How to write mind-grabbing story hooks
Hijack the genius of the most ripped-off copywriter alive
Last week, I showed you how to curate little-known stories in your niche.
Today, I’m going to help you generate irresistible mind-grabbing hooks for those same stories by hijacking the genius of one of the most ripped-off copywriters on the internet—John Carlton.
Carlton was the secret weapon behind some of the biggest advertising winners of the late 1990s.
One of his golf ads ran for 12+ years without a single word change and pulled in millions of dollars.👇
The reason his ad grabs your mind is because it’s visual—and shocking. If a golfer with one leg can crush a golf ball, then surely two legs will do even better, right?
That’s what Carlton’s hooks do. They create compulsion. Readers can’t NOT finish the ad.

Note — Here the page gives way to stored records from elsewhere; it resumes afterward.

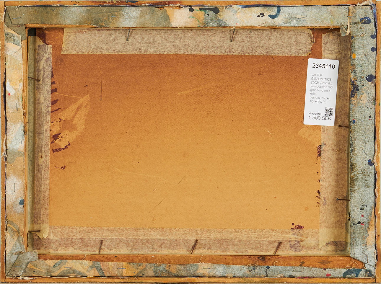 Valter Gibson was born in 1928 in Lycksele, grew up in Stockholm and lived until his death in 2002 in Hallstavik. In the years 1952-1955, Gibson studied painting at the Valand Art School in Gothenburg, with the prominent artist Endre Nemes as teacher. Gibson belonged to the "generation 47-55" and was a member of the artists' association Grupp 54. It was founded by Nemes students who opposed the Gothenburg Artists' Club which was dominated by the Gothenburg Colorists and who opposed the new abstract and surrealist art.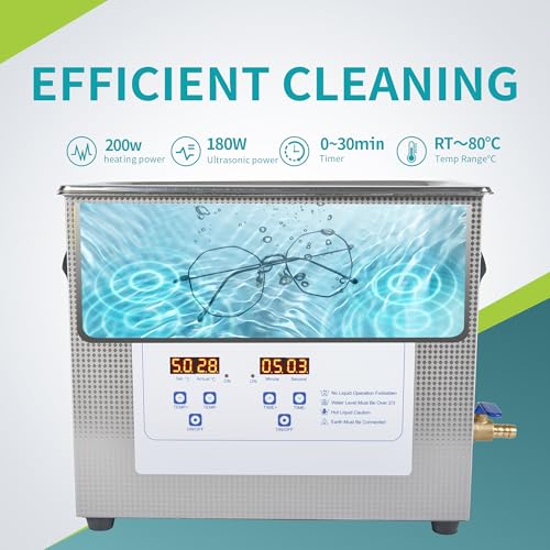 Click for More Images Digital Control Panel?The Cleaning machine features a digital display for precise time and temperature control. With a heating capacity up to 80°C(176°F), adjustable timer from 1-30 minutes.60W ultrasonic power and 40KHz...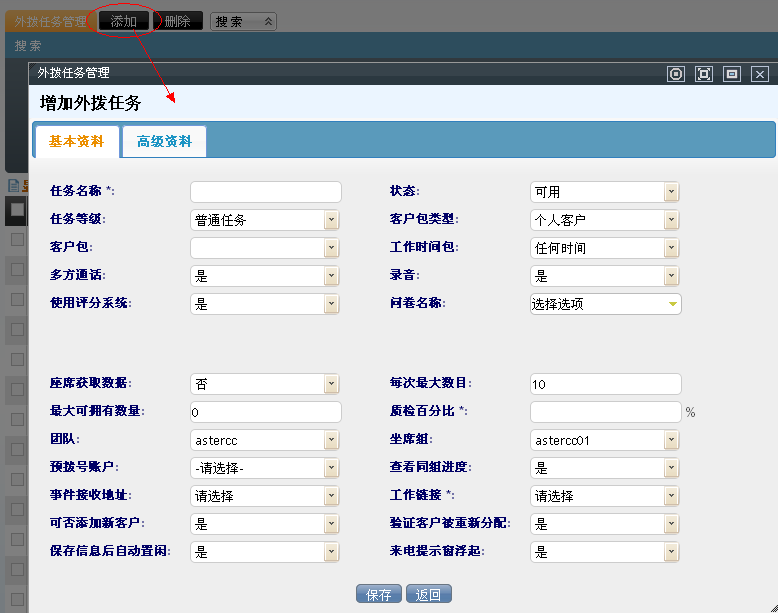 系统管理界面下,呼叫中心外拨管理–外拨任务管理,打开添加外拨任务管理界面,进行信息的设置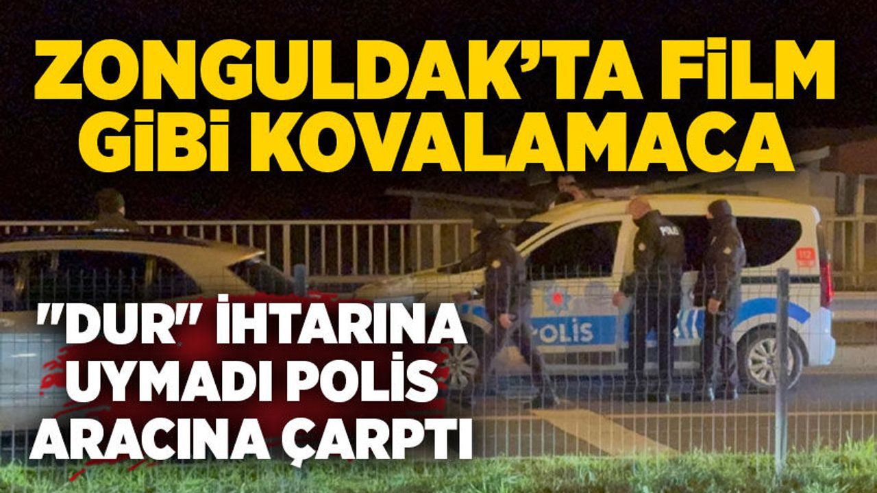 Zonguldak'ın Ereğli ilçesinde "dur" ihtarına uymayıp kaçan kovalamacada polis aracına çarpan araçtaki 3 kişi gözaltına alındı.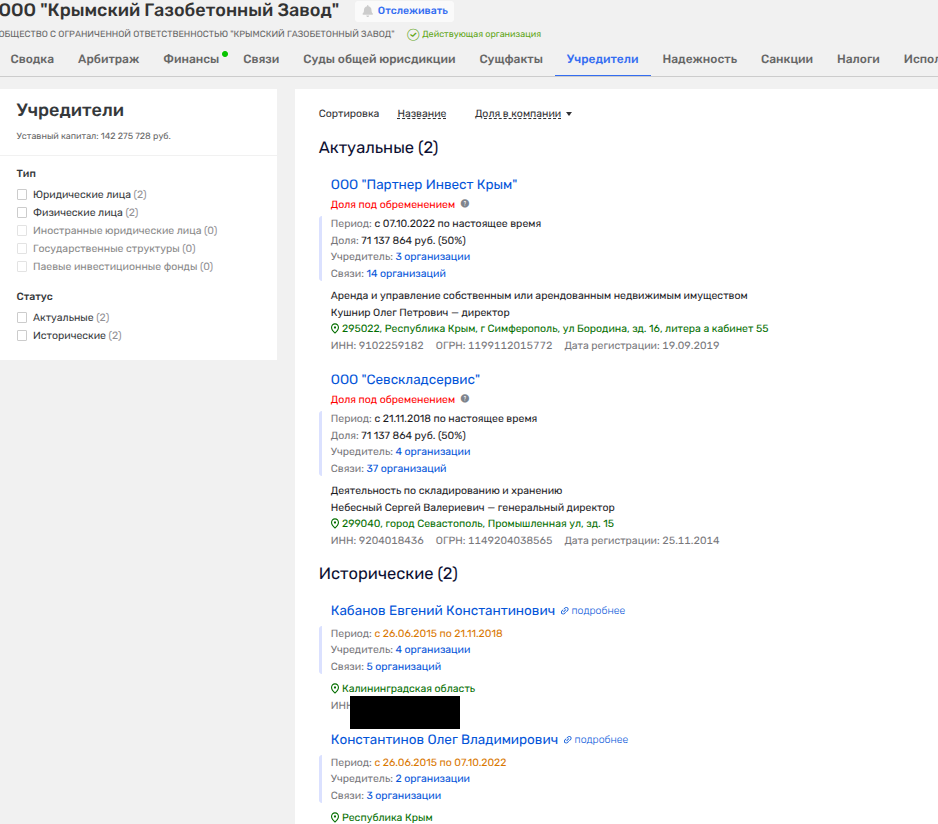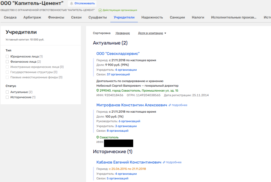 Помимо этого, с отцом экс-чиновника Кабанова Константином Небесный владеет ООО «Севскладсервис». В свою очередь Константин Кабанов имеет общие дела с теми же Константиновыми — членами семьи спикера Госсовета Крыма.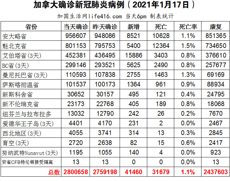 【加国生活网编译报道】截至2022年1月17日下午6点,加拿大新冠确诊病例总数为2800658(3天新增41460,当天新增26316),死亡31679(新增149)。安省确诊总数956607(新增8521);魁省确诊总数801153(新增5400);艾省确诊总数452381(3天新增15886,当天新增6293);BC省确诊总数299146(3天新增5625,当天新增1509);曼省确诊总数110593(3天新增2755,当天新增1320);萨省确诊总数101537(新增1364);新斯科舍省确诊总数30652(新增495);新不伦瑞克省确诊总数23173(新增405);纽芬兰与拉布拉多省确诊总数13032(新增242)。加拿大卫生部宣布批准辉瑞公司的生产新冠口服药Paxlovid,正值加拿大医院不堪重负之际,该口服药的推出为加拿大卫生系统挽救更多的生命铺平了道路;安省住院患者增涨速度正在放慢;安省扩大了可免费进行PCR检测的适用人群,新增了四类人群。加国生活网专门制作了如下统计数据表: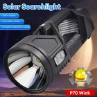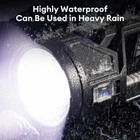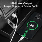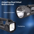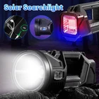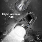 Features: 1. SAFETY WARNING LIGHT: Not only lighting, but also can be used as an emergency red and blue warning light to ensure safety. 2. Our torch has two charging modes: solar charging and USB charging. SOLAR CHARGING: Equipped with a solar panel, it can be quickly charged at any time as long as there is weak sunlight.USB CHARGING: There is a USB charging port on the side of the flashlight, which can be connected to computers, cars, and power outlets for charging. 3. USB Power Output, High Capacity Charger:Allow you to enjoy outdoor life overnight without worry, charge your camera, mobile phone, laptop and other devices on the go. 4. Strong light design high power wick: extra large light cup, strong light gathering ability, long-distance shooting ability, large wide-angle irradiation range. Brightness up to 1800lm, can light up half a football field, rechargeable spotlight flashlight suitable for camping, road adventure, night work. 5. HIGH QUALITY MATERIAL ABS: The LED torch rechargeable is made of high-strength engineering ABS plastic with fully enclosed structure. The torch is protected from splashing water from all angles. 6. Three compartments power display: real-time power display, keep track of the battery power, and charging indication function. Model No.: Large Specification: Bulb: P70 + 35pcs white LEDs +5 red 5 blue LEDs Lumens: Headlight white light strong 1800Lm, headlight white light weak 800Lm Tail light white light strong 400Lm, head light white light weak 120Lm Running time: 3-6 hours Charging time: about 8 hours Function: Headlamp, white/strong-weak-flashing Tail light, white/strong-weak-red-blue flash Solar charging, battery indicator, Type-C port, USB output Battery: 6000mAh Material: ABS+PS Product Size: 155*388*158mm Colour: Black Model: Medium Size Specification: Bulb: P50 + COB Lumens: Head light white light strong 1700Lm, head light white light weak 800Lm Tail light yellow light 500Lm, head light yellow light weak 150Lm Running time: 3-4 hours Charging time: about 4 hours Function: Headlamp, white light/strong-weak-flashing Tail light, yellow light/strong-weak-red-blue flashing Solar charging, battery indicator, Type-C port, USB output Battery: 4500mAh Material: ABS+PS Product size: 108*270*115mm Colour: Black Model: Small Size Specification: Bulb: P50 + COB Lumens: Headlight white light strong 1800 Lm, headlight white light weak 800 Lm Tail light yellow light strong 260 Lm, head light yellow light weak 80 Lm Running time: 3-4 hours Charging time: about 4 hours Function: Headlamp, white light/strong-weak-flashing Tail light, yellow light/strong-weak-red-blue flashing Battery level display, Type-C interface Battery: 3000mAh Material: ABS+PS Product size: 88*223*90mm Colour: Black Product list: Torch *1 USB data cable *1 Attention: Avoid direct contact with eyes!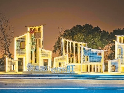 2022年12月28日,獲批全省“未來鄉(xiāng)村”稱號的浙江省寧波市鎮(zhèn)海區(qū)永旺村燈光璀璨。胡學(xué)軍攝(人民圖片)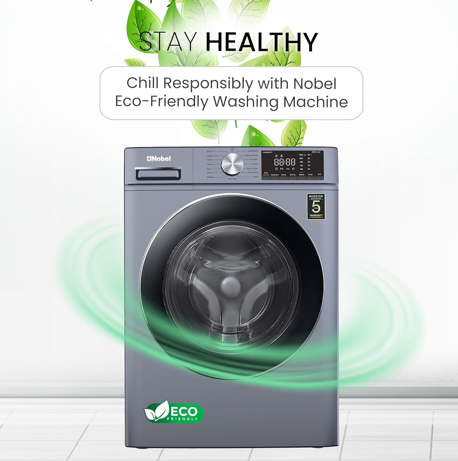 NOBEL FRONT LOAD WASHERS SILVER 10 KGS 1200RPM STAINLESS STEEL DRUM INVERTER BLDC MOTOR NOBEL-NWM1000FSI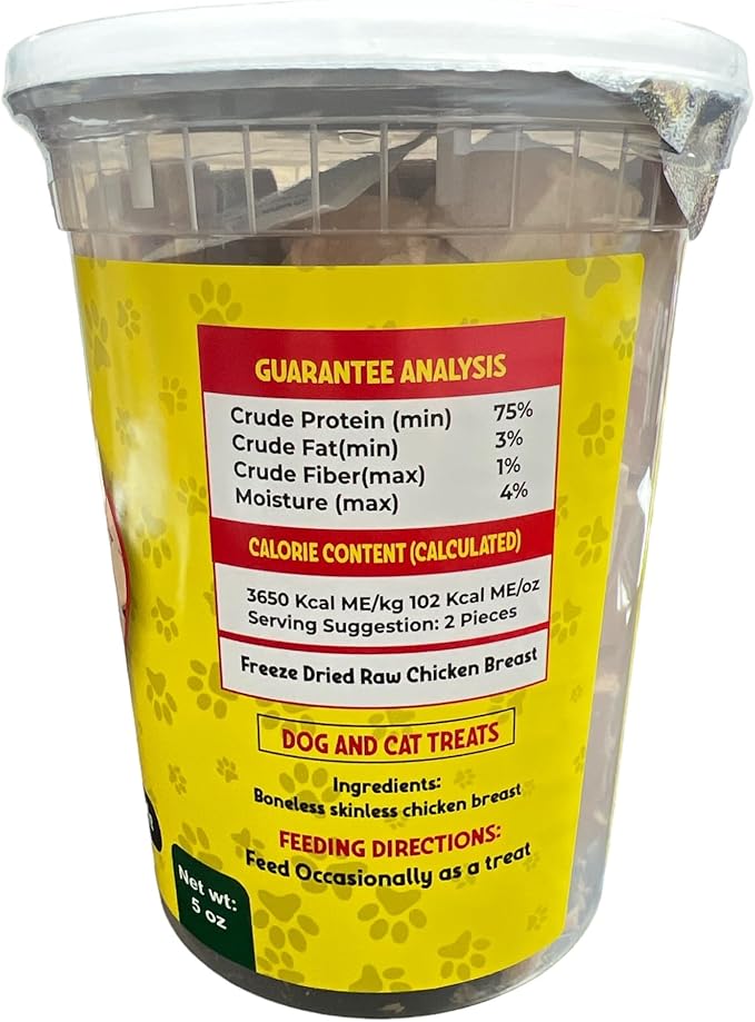 Freeze-Dried Raw Chicken Breast for Cats & Dogs(5 OZ), Delicious and Healthy Freeze-Dried Chicken Breast- Made in The USA - Perfect for Dog and Cat Training Treats, Snacks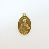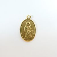 A. AUGIS. Médaille religieuse en or 750 mil. figurant La Vierge Marie d'un côté et Jésus de l'autre, signée (hauteur : 2,1 cm environ) (anneau cassé, manque bélière). 2,3 g.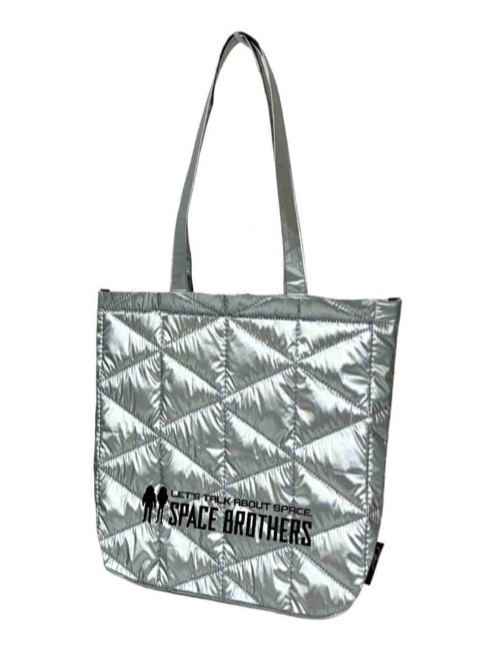 12月1日(月)から、TeNQの入館券に企画展オリジナルグッズ(シルバーキルトトートバッグ)がセットになったチケットを、セブンチケットにて数量限定で販売します。バッグには、宇宙飛行士選抜試験中の六太の台詞「宇宙の話をしよう(LET'S TALK ABOUT SPACE.)」の言葉と、六太&日々人のシルエットがあしらわれています。

And that matters because the hook is the only thing standing between your content and the trash. If you don’t grab attention, nothing else you write matters
So, how did Carlton come up with his hooks?
Here's how:
Before writing a single word of copy, Carlton researched obsessively:
Sales material
Product manuals
Anything he could find about what he was selling
His goal was to become conversant in the details of the niche he was working in so he could speak the language.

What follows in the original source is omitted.